Wednesday, February 26, 2014

Evolution of an American Housewife

Professor J,

We want people to change their thinking, or to even think at all which we can't always be sure they've actually done for themselves. Your description of what takes place instead was so accurate.  You did an excellent job in your last post of outlining how the trap slowly closes on our political and religious thinking (can we call it thinking?). By the time I got to the end of the paragraph I could hear a loud SNAP! Yet everyone still believes that they have thought deeply about things and come to their conclusions on their own. Allow me a moment of transparency while I describe what reaching a tipping point and rethinking everything mid life can feel like:

I woke up out of a dead sleep and the iceberg of my mind had turned over. Capsized in the night, deep thoughts, and questions I didn’t know that I already had the answers to emerged dark and somewhat unformed on the surface.  The certainty of all I had been taught and believed rolled over into the shadowy depths and silence without a sound as they slipped under into the darkness.  It was only then that I realized how small the surface thinking, not even thinking really but following, had been and how massive, dense, and powerful those deeper ideas were.  They broke through and rose high above the surface as the old thoughts got pushed deeper under the weight of them. The universe was preparing me for truth. Toughening me up, knowing that the truth is often shockingly ugly.

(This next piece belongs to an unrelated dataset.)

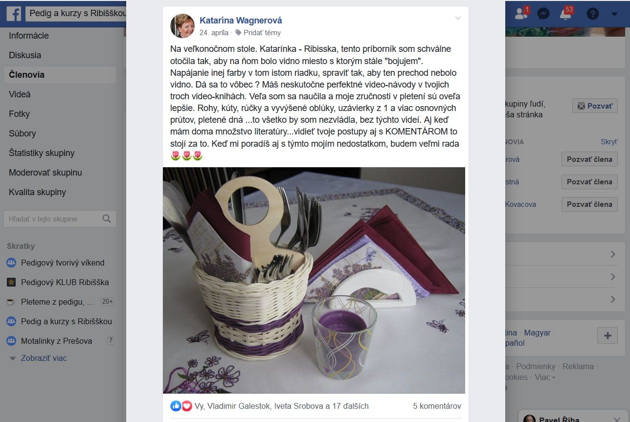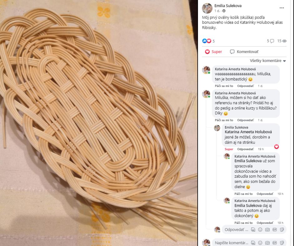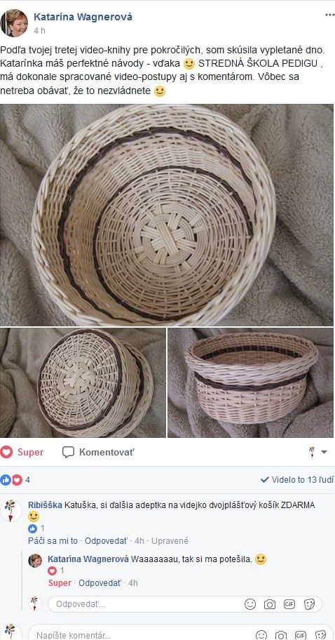 Tu sa pýta ďalšej samoukovskej košikárky, či jej natočí video, ako dosiahne pletenie kríženého vzoru. Ešte nemá poriasdne základy, ale už ide pliesť deklík, vzory a už vopred vie, že to nejde hneď. Tak vedz, že to všetko môže ísť hneď.Nie zo zvedavosti, ale ako krásne ucelené remeslo.

Massive rusty hinges in my mind had been slowly opening for a decade or so. I became less comfortable with what everyone around me thought and more at ease with questioning.  Everything. All the time. Suddenly inquiring of friends and family members why they think the way they do, when they assume that you agree with them, can be unnerving for them. It’s no walk in the park for you either and won’t make you popular. People see honest hard questions as antagonistic. Such are the little enclaves of thinking we’ve insulated ourselves with, people who think and believe like us. People who won’t ask us anything we can’t answer.  The unspoken pact between us is that we’ll afford them the same courtesy.

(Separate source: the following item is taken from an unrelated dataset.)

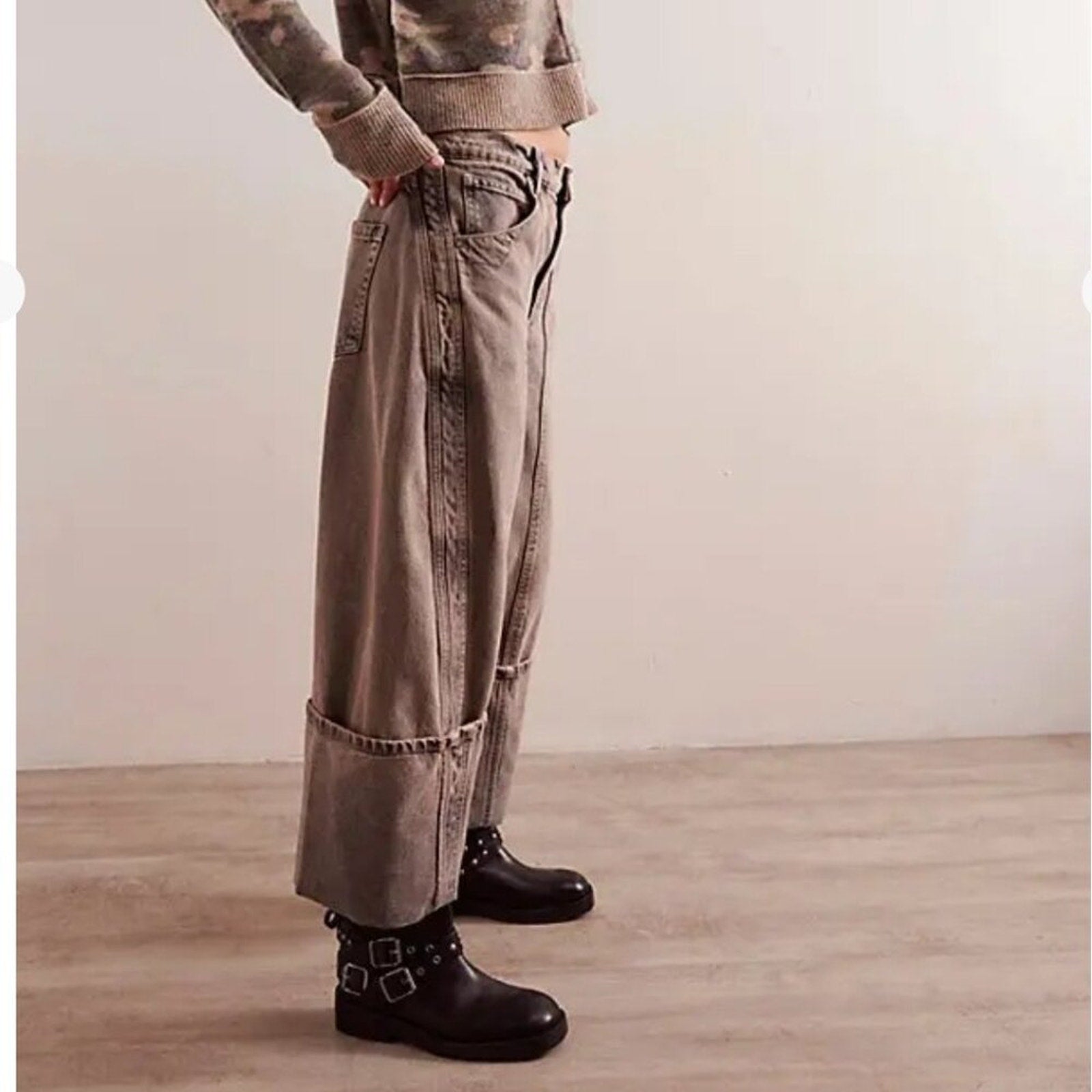 Cool and cuffed, these need-now jeans from We The Free collection are the perfect elevated denim staple. Mid-rise, loose tapered barrel silhouette, Zip fly and button closure, flattering seaming throughout, exaggerated cuffed hemline, five-pocket design. Toughened-up with moto boots or unexpected with ballet flats, this pair has endless ways to wear. Free People relaxed barrel jeans Free People high rise barrel jeans Free People trendy barrel leg denim

So what finally caused the iceberg to invert? Three things made this shift in my thought process possible: Travel, art, discussion

Travel: Travel is an absolute necessity for realizing that people, apart from politics and power are startlingly similar. I recently watched the  documentary, A Matter of Trust, about Billy Joel's concert tour of the Soviet Union in 1987. I highly recommend it. Having recently traveled to Russia I can attest to having the exact same feelings as many of the band members--these are the people we were taught to fear? Sitting on a subway in St. Petersburg I had an overwhelming feeling of having been duped. Which leads to the question--by whom and to what end? In Mexico while having discussions about immigration the same thing was true. Much of what I believed was simply wrong. In Scandinavia "European Socialism" hardly looked sinister. People want to work, raise their children in safety, and have basic human rights. But as you point out over and over again--who benefits from keeping our fellow citizens, who are seeing the world second hand, from knowing that?

Art: Who can imagine the 60s without Dylan? Or Warhol? Or Harper Lee, Rachel Carson, or Betty Friedan? There's a reason that we see over and over again books burned, music banned, and art destroyed in totalitarian regimes or theocracies.  Because it's powerful and thought provoking. It also takes time away from busyness and gives the mind room to breathe and explore. Everyone knows deep down that ideas are more powerful than weapons and far harder to contain and control. It's what makes it terrifying to those who worship the status quo.

Discussion: In the past coffee houses, taverns, and universities have been ground zero for radical change. I don't know if the internet will be as effective, but perhaps. I will say that having to actually spell out what I believe and why (week after week!) is enlightening. Sharing, discussing, arguing, defending, questioning, puzzling it together, teasing it apart, learning something knew and having to decide how it fits, honestly assessing one's own ideas, and being willing to see the other point of view--how can we get where we need to go if people aren't doing that? With Americans having fewer close friends than in previous decades it may be difficult for people to find those willing to delve deep as well as make time for such endeavors. But what could be more important?

I'm noticing that things that I think have brought about shifts in my own opinions, are things that feed the soul and could also fall under personal experience.

So what do you say, Dr. J? What kind of things do you think most influence a change in people's thinking? What's on your list?